Given data »
········

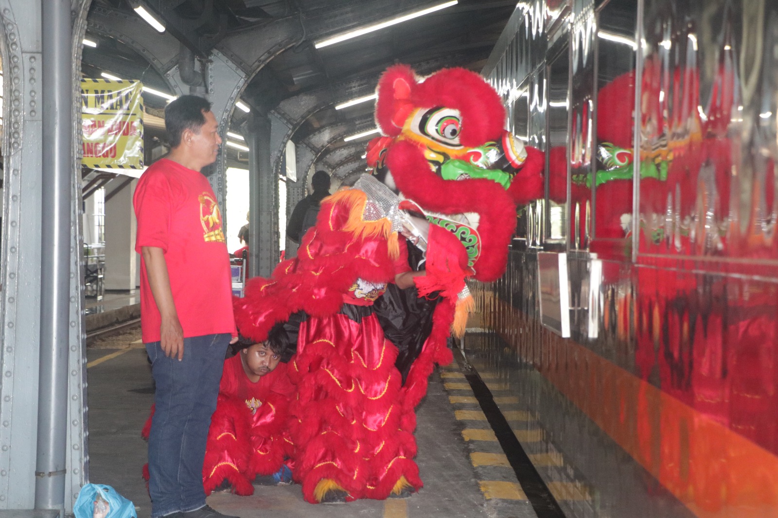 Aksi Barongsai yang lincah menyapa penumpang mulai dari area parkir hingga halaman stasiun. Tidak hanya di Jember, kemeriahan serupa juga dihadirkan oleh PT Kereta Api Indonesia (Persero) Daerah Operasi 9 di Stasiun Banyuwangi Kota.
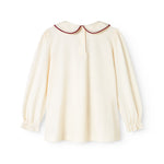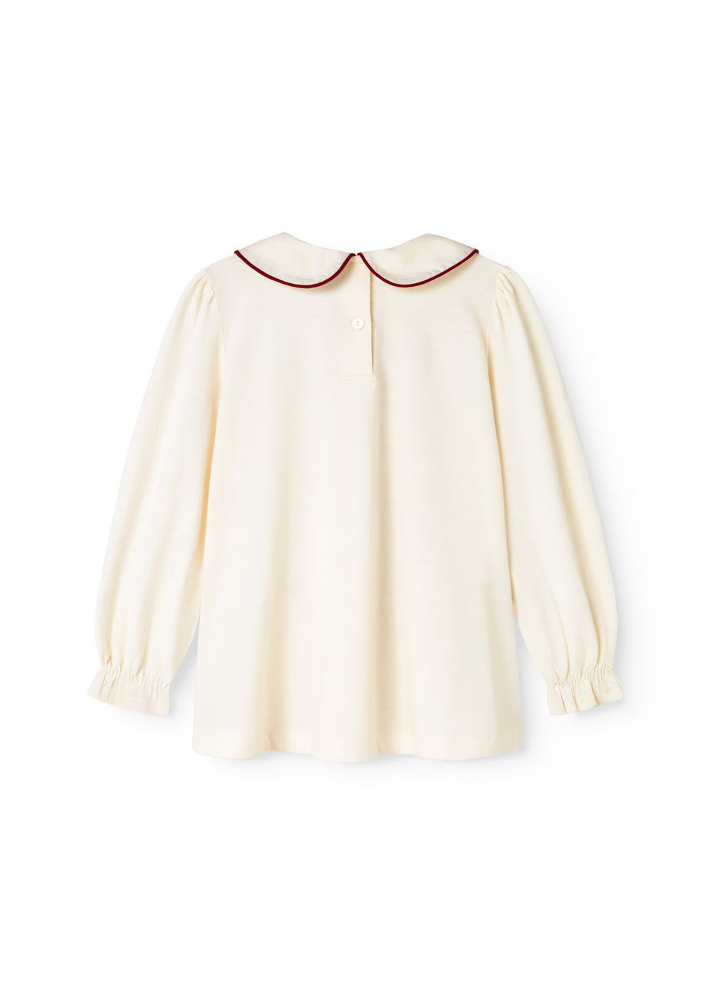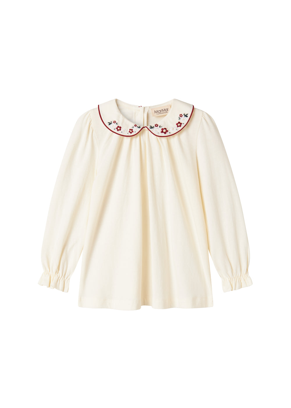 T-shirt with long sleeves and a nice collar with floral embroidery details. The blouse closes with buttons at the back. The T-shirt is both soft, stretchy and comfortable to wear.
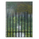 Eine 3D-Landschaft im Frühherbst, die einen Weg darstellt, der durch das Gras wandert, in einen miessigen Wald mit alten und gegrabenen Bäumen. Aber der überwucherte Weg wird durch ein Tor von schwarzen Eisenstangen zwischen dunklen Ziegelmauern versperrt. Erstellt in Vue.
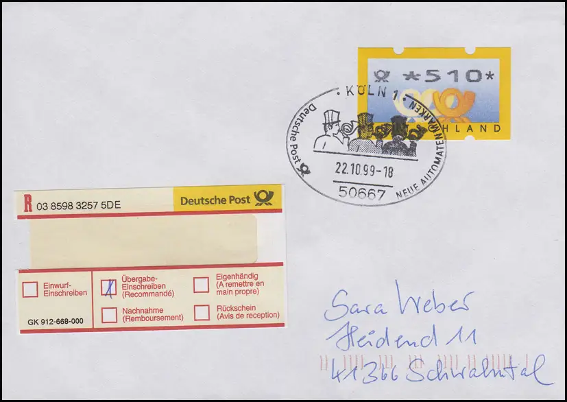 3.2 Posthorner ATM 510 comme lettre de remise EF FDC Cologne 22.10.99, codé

········

Assigned task » Leave out the pictures and give the rest of the material again, unaltered.

Reply to the exercise »
 Aksi Barongsai yang lincah menyapa penumpang mulai dari area parkir hingga halaman stasiun. Tidak hanya di Jember, kemeriahan serupa juga dihadirkan oleh PT Kereta Api Indonesia (Persero) Daerah Operasi 9 di Stasiun Banyuwangi Kota.
 T-shirt with long sleeves and a nice collar with floral embroidery details. The blouse closes with buttons at the back. The T-shirt is both soft, stretchy and comfortable to wear.
 Eine 3D-Landschaft im Frühherbst, die einen Weg darstellt, der durch das Gras wandert, in einen miessigen Wald mit alten und gegrabenen Bäumen. Aber der überwucherte Weg wird durch ein Tor von schwarzen Eisenstangen zwischen dunklen Ziegelmauern versperrt. Erstellt in Vue.
 3.2 Posthorner ATM 510 comme lettre de remise EF FDC Cologne 22.10.99, codé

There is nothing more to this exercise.